Everybody Knows Somebody Who Died

I often think about Jörg – a German stage director I met in 1997. A friend of mine worked closely with him for some years and we met here and there around Europe – in Copenhagen, London and Germany. In 2000 he committed suicide in a hotel room in Portugal, a big schock for all of his friends. Why kill himself? He seemed well established in life and his theatre was finally having success. I didn’t get it. I guess I really didn’t know him that well.

IMG_2697 Kopie
(Jörg trying on a whig I bought for a party in 1988)

The reason I often think about Jörg is that I keep thinking about all the things he has missed out on since 2000, good or bad. And how happy I am that I’m not the one who’s dead.
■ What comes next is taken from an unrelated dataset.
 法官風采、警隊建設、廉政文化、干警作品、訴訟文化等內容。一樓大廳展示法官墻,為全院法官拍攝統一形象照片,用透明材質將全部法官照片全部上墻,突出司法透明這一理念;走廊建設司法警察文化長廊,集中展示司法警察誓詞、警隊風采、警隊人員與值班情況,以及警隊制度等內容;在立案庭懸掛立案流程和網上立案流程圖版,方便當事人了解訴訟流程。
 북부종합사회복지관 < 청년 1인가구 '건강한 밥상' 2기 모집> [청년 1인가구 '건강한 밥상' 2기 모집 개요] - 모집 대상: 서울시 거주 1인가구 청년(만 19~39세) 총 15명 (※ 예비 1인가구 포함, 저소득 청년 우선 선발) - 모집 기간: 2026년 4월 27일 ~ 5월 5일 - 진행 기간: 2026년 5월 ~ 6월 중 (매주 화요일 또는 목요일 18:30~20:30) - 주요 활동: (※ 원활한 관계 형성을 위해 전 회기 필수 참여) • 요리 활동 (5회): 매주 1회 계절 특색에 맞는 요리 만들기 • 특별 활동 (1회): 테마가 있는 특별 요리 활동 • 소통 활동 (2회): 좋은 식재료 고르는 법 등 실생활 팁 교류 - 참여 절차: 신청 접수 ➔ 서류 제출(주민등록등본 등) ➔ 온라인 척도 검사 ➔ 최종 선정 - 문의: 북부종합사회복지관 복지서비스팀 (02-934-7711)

He never got to know WordPress, Facebook, HDTV, Blu-ray, Netflix, The XX, Lana del Rey, True Detective, Orange Is The New Black, Jonathan Franzen’s The Corrections, Cathi Unsworth’s fabulous books, David Lynch’s Mulholland Drive, Amy Winehouse, Ryan Gosling’s introverted acting in Drive and The Place Beyond The Pines, iPhones, WiFi, Spotify, the delicious mince and cheese pie at my favorite café. He didn’t share the past 15 years with friends and family, followed nephews/nieces/friends’ children grow up. He never got to drive a Mini Cooper in the new design and he wouldn’t know what The Hunger Games is. I could go on forever.

Life is so full of … life.

My last 15 years have been filled with ups and downs, with good and bad experiences, fun, tears, friendships developing, with growing older, kisses, feelings, compassion, with music, books and films that went under my skin. Not always easy times but I wouldn’t have missed it for anything in the world. Gosh, I am so happy to be on this planet, I can’t express how grateful I am for having this (my) life…
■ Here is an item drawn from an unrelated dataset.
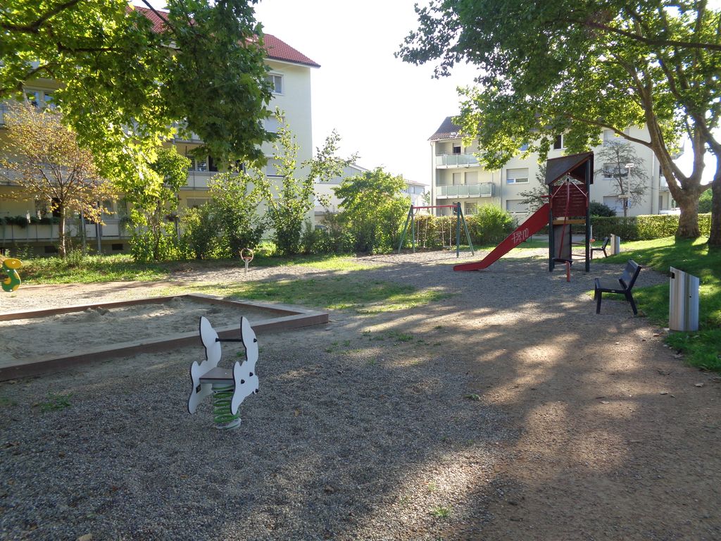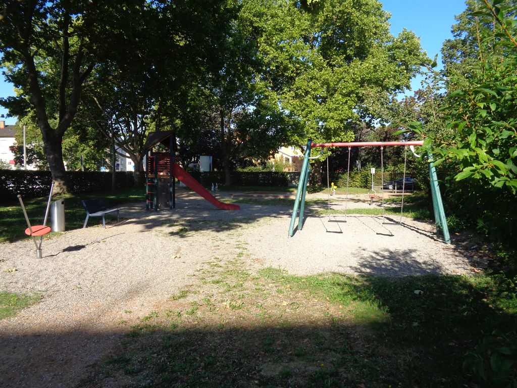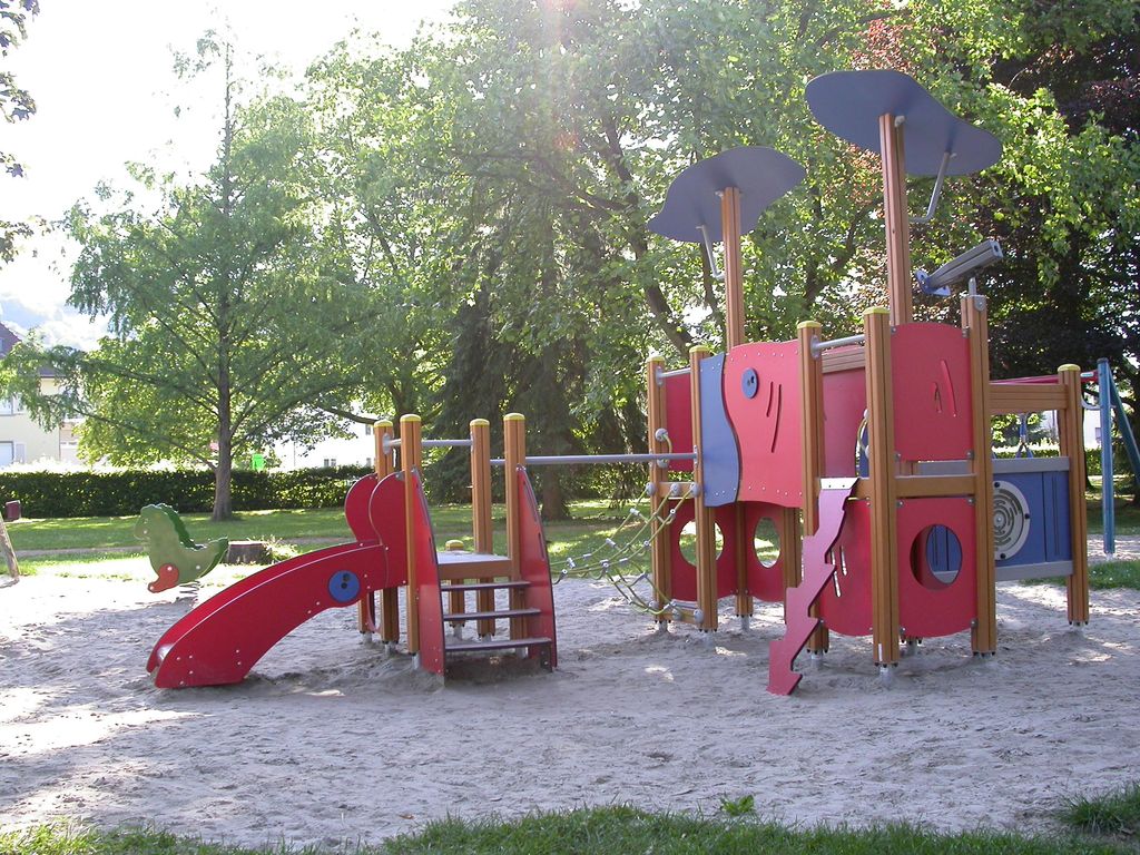 Alter: 3 – 14 JahrenAusstattung: Sitzbänke, Picknick -Sitzgruppe, Sitzarena Halbschatten, SonneSpielgeräte: Sandkasten, Wipptiere, Dialogschaukel, Hangrutsche, Murmelspielfeld, Kombinationsanlage "Feuerwehr"

When I was a depressed teenager, I thought a lot about dying (or disappearing). I wrote narcissistic existential poems and wallowed in sadness and pain, walked around with my head down for days and weeks and months. In a way I can understand why someone would want to take his own life, that it can feel like it’s the only option, but at the same time I cannot.
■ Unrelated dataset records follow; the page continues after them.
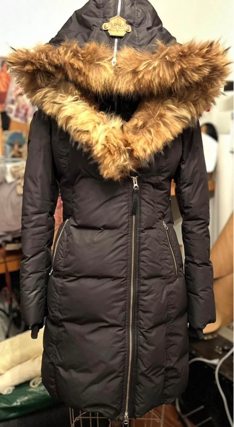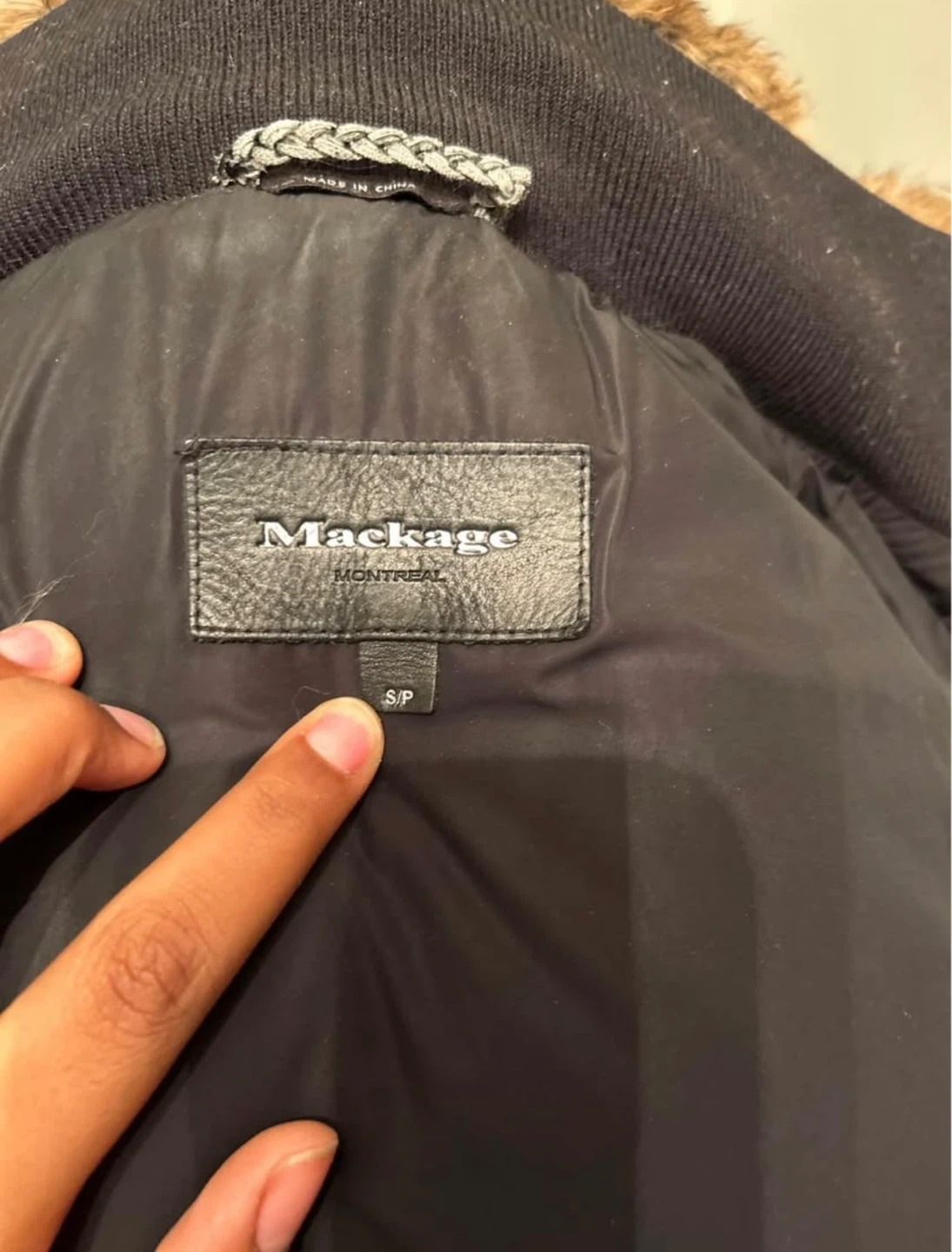 This Mackage parka is black and features a fur-trimmed hood. It's a size S/P , no damage & dry cleaned
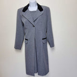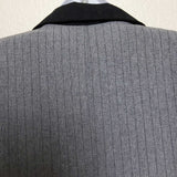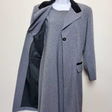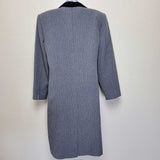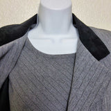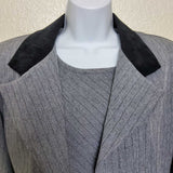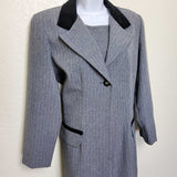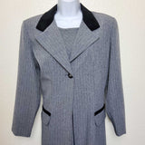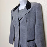 Perceptions Gray 2-Piece Pinstripe Dress Suit, Women's Size 10. This set features a velvet collar and trim. Fabric tag and wash tag are missing; dry cleaning recommended. Excellent condition!!
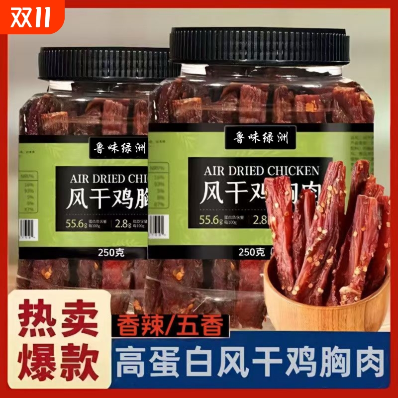 鸡胸肉干风干鸡肉干香辣高蛋白健身耐嚼解馋宿舍便宜罐装休闲零食
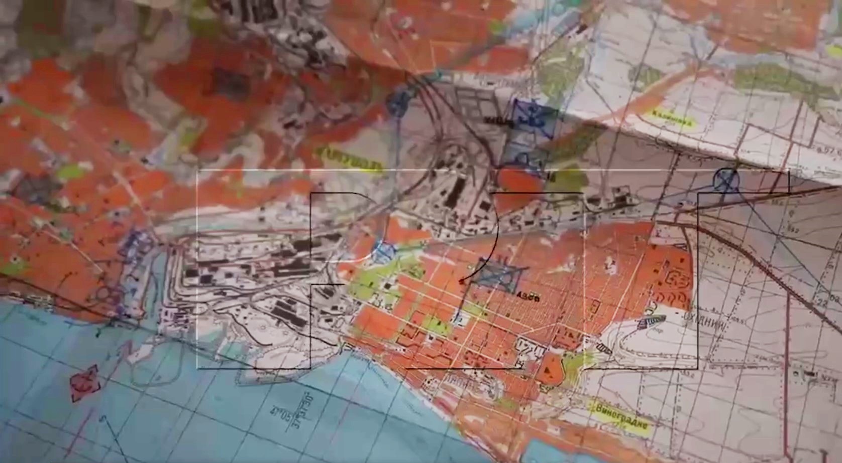 Карта из штаба "Азова" с обозначением полковых гарнизонов. Чуть севернее "Азова" в промзоне располагался штаб морпехов. Дня четыре назад он был распущен, замнача пару дней как споймали при попытке выхода из города.

Everybody knows somebody who died. Mums and Dads, grandparents, friends and colleagues, musicians and filmstars, pets. I know that Death is part of Life, that our time is limited, but I don’t think I will ever understand Death completely, that when you’re dead you’re gone forever. When I sensed the weight of my dead mother in the coffin last year, for a short moment it became “real” and I realized that I would never hear her voice again. But still, Death is beyond my comprehension.

I was never angry with Jörg for what he did, I was not close enough to him to be. I have always thought that everyone is free to decide for himself. Selfish or not. But you can crush other people by making such choices. I didn’t see it like that earlier.

I think Jörg made a huge mistake by killing himself. He missed out on so much in life.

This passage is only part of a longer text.